--- START ---

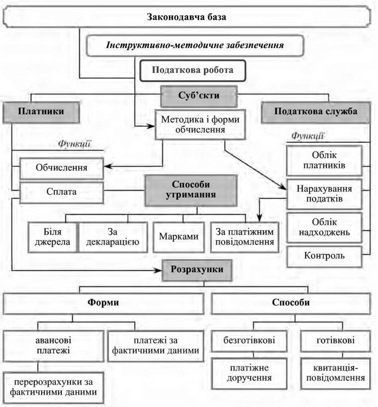 Податкова робота, що є основою організації справляння податків, являє собою діяльність платників і податкової служби щодо внесення податків до бюджету і контролю за платежами. Вона включає такі елементи: правове регламентування встановлення і справляння податків, облік платників і надходжень податків, порядок та форми розрахунків із бюджетом. Податкова робота ґрунтується на встановленні функцій і прав платників і податкової служби, пов’язаних зі своєчасністю і правильністю розрахунків із бюджетом. На платників покладаються функції обчислення і сплати податків, а на податкову службу — обліку платників і надходжень податків, здійснення нарахувань окремих видів податків (наприклад, земельного) і проведення контролю за дотриманням податкового законодавства.
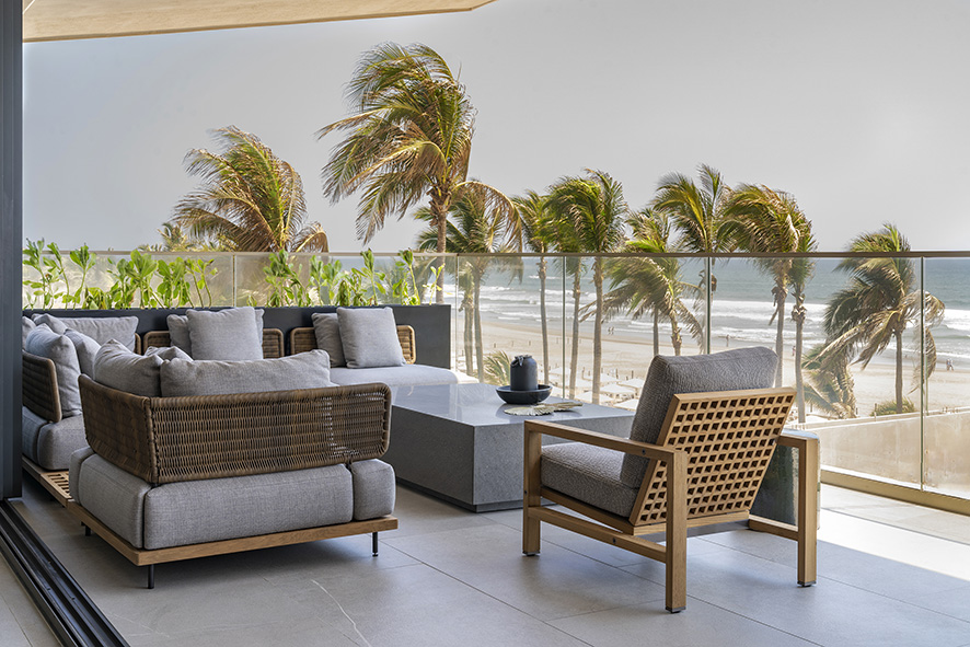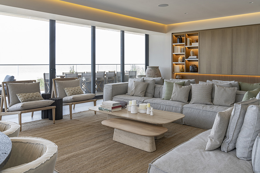 El 90% del mobiliario, el arte y los accesorios seleccionados son de diseño mexicano, elevando el valor del proyecto con piezas coleccionables que transmiten la esencia de nuestra identidad cultural, estos objetos conviven armoniosamente con mobiliario de origen italiano, creando un diálogo entre dos tradiciones de fabricación artesanal que se complementan en su materialidad y manufactura, la riqueza cultural mexicana se pone en evidencia en elementos como los tapetes oaxaqueños de lana, tejidos en telar, que se fusionan con la elegancia y ligereza de los muebles de lino italiano.
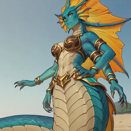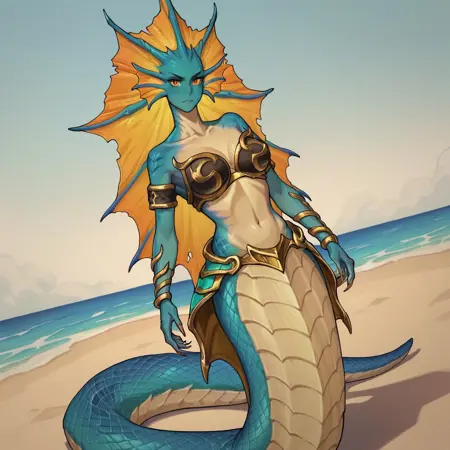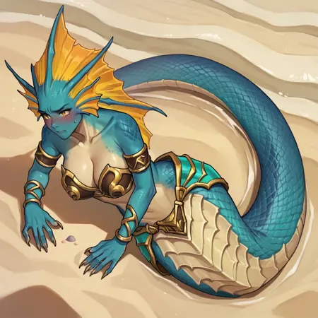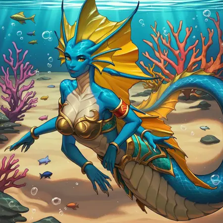 Naga_siren, 여성, 나가, 비늘, 인형, 발톱, 머리 지느러미, 귀 지느러미, 수중, 뱀 꼬리, 파란 피부, 노란 지느러미
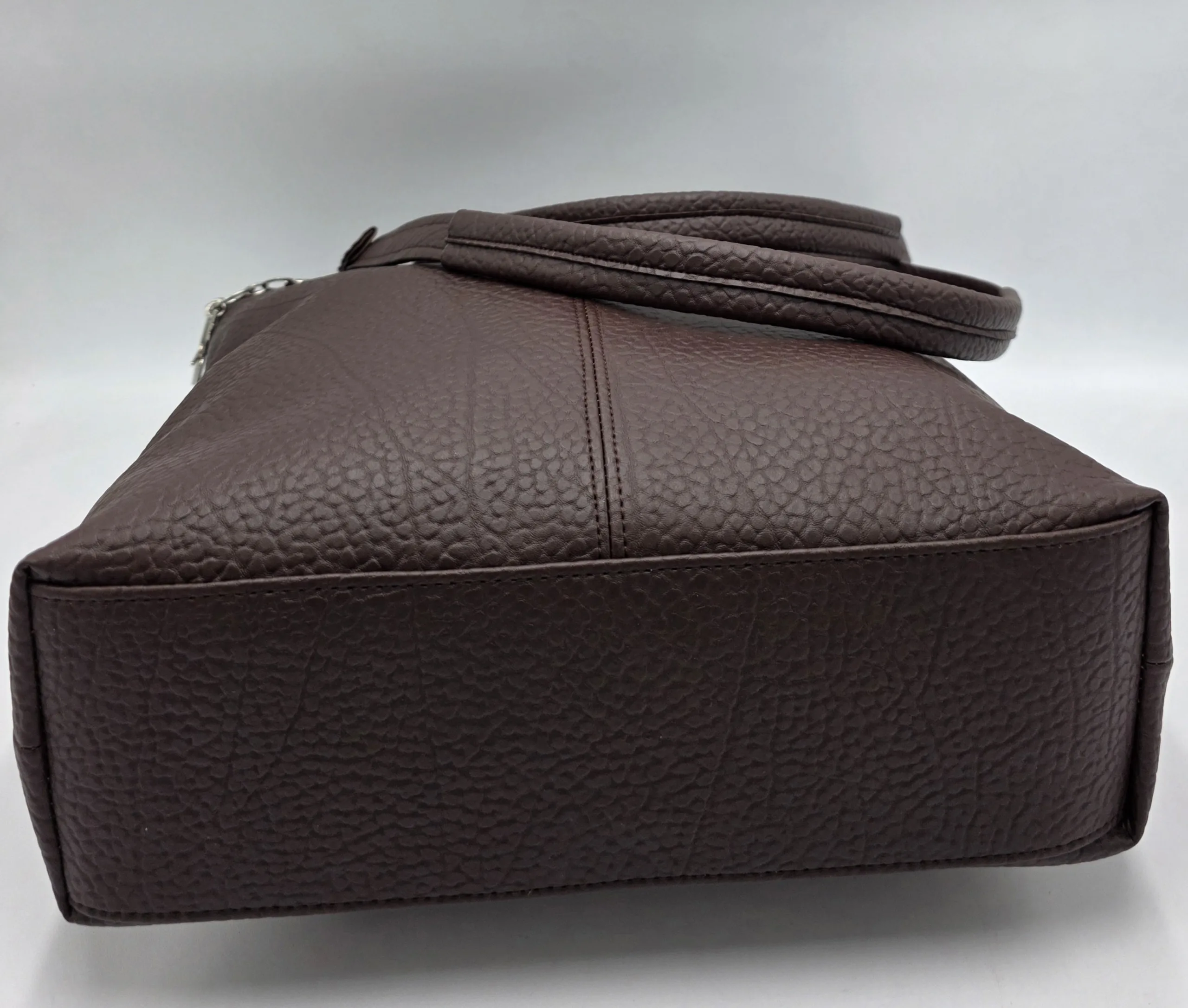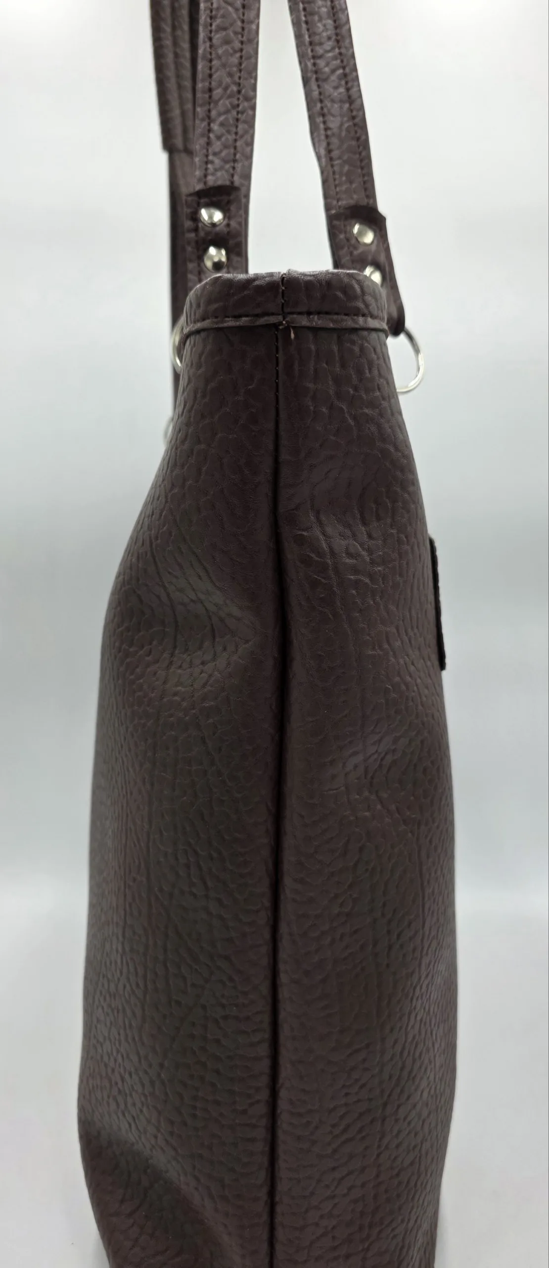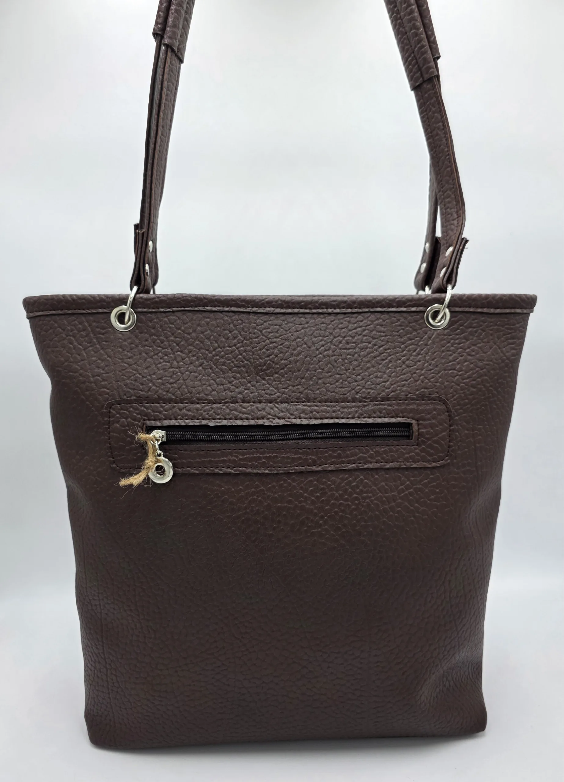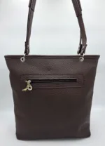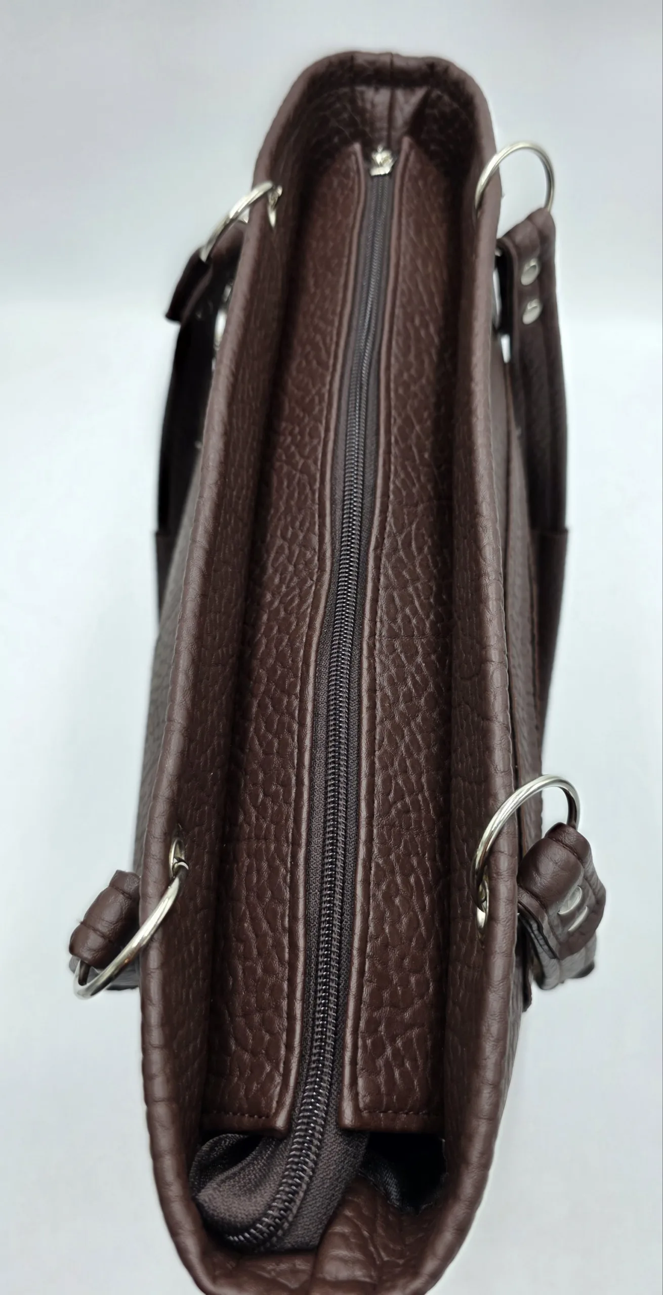 Голяма чанта от еко кожа с две дръжки 74см,вътрешен заден джоб с цип, закопчаване с цип, вътре със средна преграда с цип, вътрешен джоб с цип и допълнителен джоб за телефон, ширина 42см, височина 36см, дъно 33см/12см.
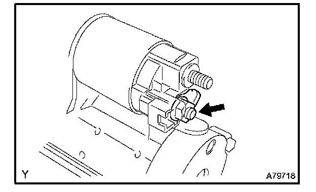 (1) Disconnect the negative (-) lead from the switch body. Check that the clutch pinion gear returns.
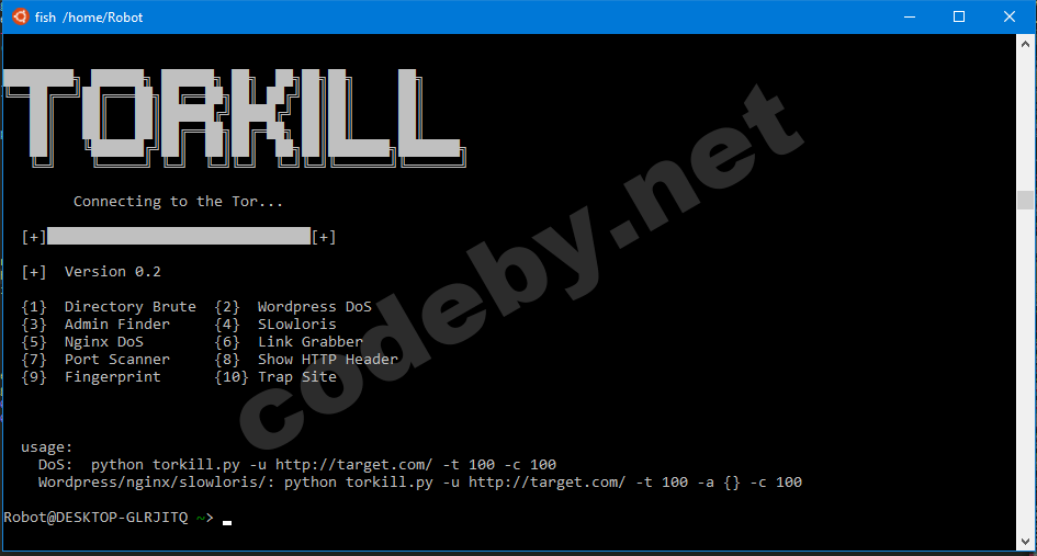 Основная цель TorKill - это сломать или взломать onion сайт. Я рекомендую использовать этот инструмент с onionscan, на форуме уже есть статья, от одного хорошего человека. Есть несколько легких вариантов сдеадонить сайт. Первый - это его положить, тогда в адресной строке мы увидим его настоящий ip. Второй - это найти незащищенный ssh отпечаток и использовать Shodan или Censys. Инструмент может - это все, включая создание сайта ловушки.
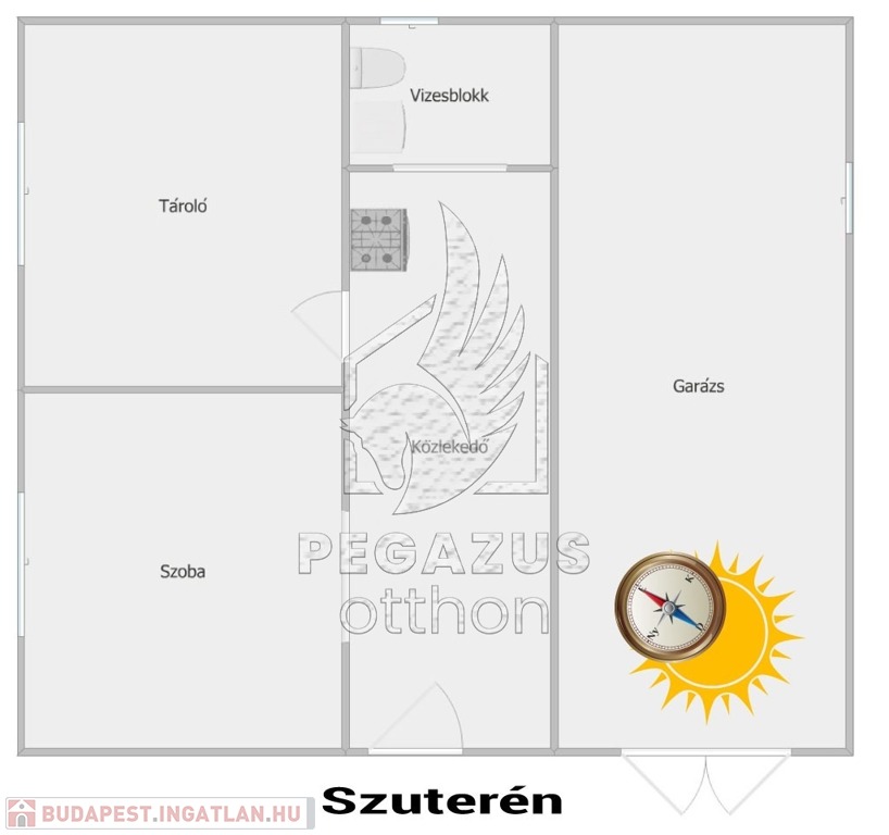 Az épület alatt egy szuterén szint is található, amely körülbelül 175 cm-es belmagasságával további hasznos tereket kínál: itt két nagyobb, akár hobbiszobának vagy tárolónak is alkalmas helyiség, valamint egy vizesblokk lett kialakítva.
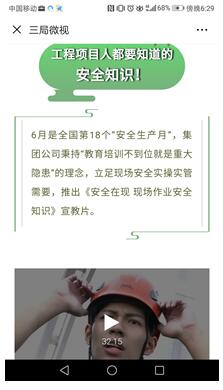 中鐵三局微視推出《為安全質量“管”“監”分離工作做“透析”》、《安全在現 現場作業安全知識》和《垂直極限 高處作業安全知識》宣教片,立足現場實際,分別介紹了機械操作、建筑施工、高處作業、電氣作業、有限空間作業的現場作業常識及引發事故原因,說明作業現場安全隱患排查重點工作及事故發生時應急救援處置的流程和方法。約2萬余名員工受到警示教育。
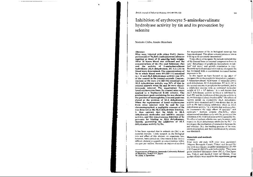 Inhibition of erythrocyte 5-aminolaevulinate hydrolyase activity by tin and its prevention by...
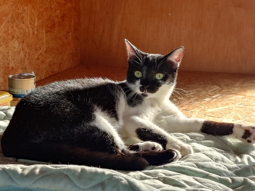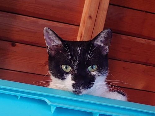 親離れをしたばかりで常にグミちゃんと一緒にいましたが、子猫だけでの越冬は厳しすぎるために、2023年12月にシェルターに保護しました。
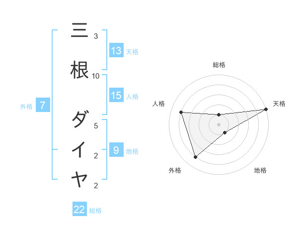 三根 ダイヤさんを姓名の画数から五運を鑑定
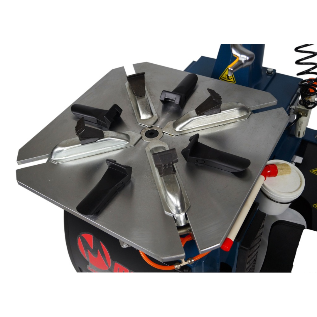 MIRELLO WRS 300 to podstawowy model montażownicy do obsługi kół samochodów osobowych i lekkich dostawczych. Maszt odsuwany jest ręcznie na bok, a głowica blokowana ręcznie przy pomocy dźwigni z mimośrodem. Konstrukcja masztu maszyny jest sztywna co uzyskano poprzez zastosowanie odpowiednich profili. Czteroszczękowy uchwyt zapewnia mocne, samocentrujące mocowanie felgi.

--- END ---

■ **PROBLEM DESCRIPTION**: Copy needed, without pictures: the lines of the listing above from the line containing "El 90% del mobiliario, el" up to and including the line containing "Основная цель TorKill", set down exactly.

■ **YOUR SOLUTION**:
 El 90% del mobiliario, el arte y los accesorios seleccionados son de diseño mexicano, elevando el valor del proyecto con piezas coleccionables que transmiten la esencia de nuestra identidad cultural, estos objetos conviven armoniosamente con mobiliario de origen italiano, creando un diálogo entre dos tradiciones de fabricación artesanal que se complementan en su materialidad y manufactura, la riqueza cultural mexicana se pone en evidencia en elementos como los tapetes oaxaqueños de lana, tejidos en telar, que se fusionan con la elegancia y ligereza de los muebles de lino italiano.
 Naga_siren, 여성, 나가, 비늘, 인형, 발톱, 머리 지느러미, 귀 지느러미, 수중, 뱀 꼬리, 파란 피부, 노란 지느러미
 Голяма чанта от еко кожа с две дръжки 74см,вътрешен заден джоб с цип, закопчаване с цип, вътре със средна преграда с цип, вътрешен джоб с цип и допълнителен джоб за телефон, ширина 42см, височина 36см, дъно 33см/12см.
 (1) Disconnect the negative (-) lead from the switch body. Check that the clutch pinion gear returns.
 Основная цель TorKill - это сломать или взломать onion сайт. Я рекомендую использовать этот инструмент с onionscan, на форуме уже есть статья, от одного хорошего человека. Есть несколько легких вариантов сдеадонить сайт. Первый - это его положить, тогда в адресной строке мы увидим его настоящий ip. Второй - это найти незащищенный ssh отпечаток и использовать Shodan или Censys. Инструмент может - это все, включая создание сайта ловушки.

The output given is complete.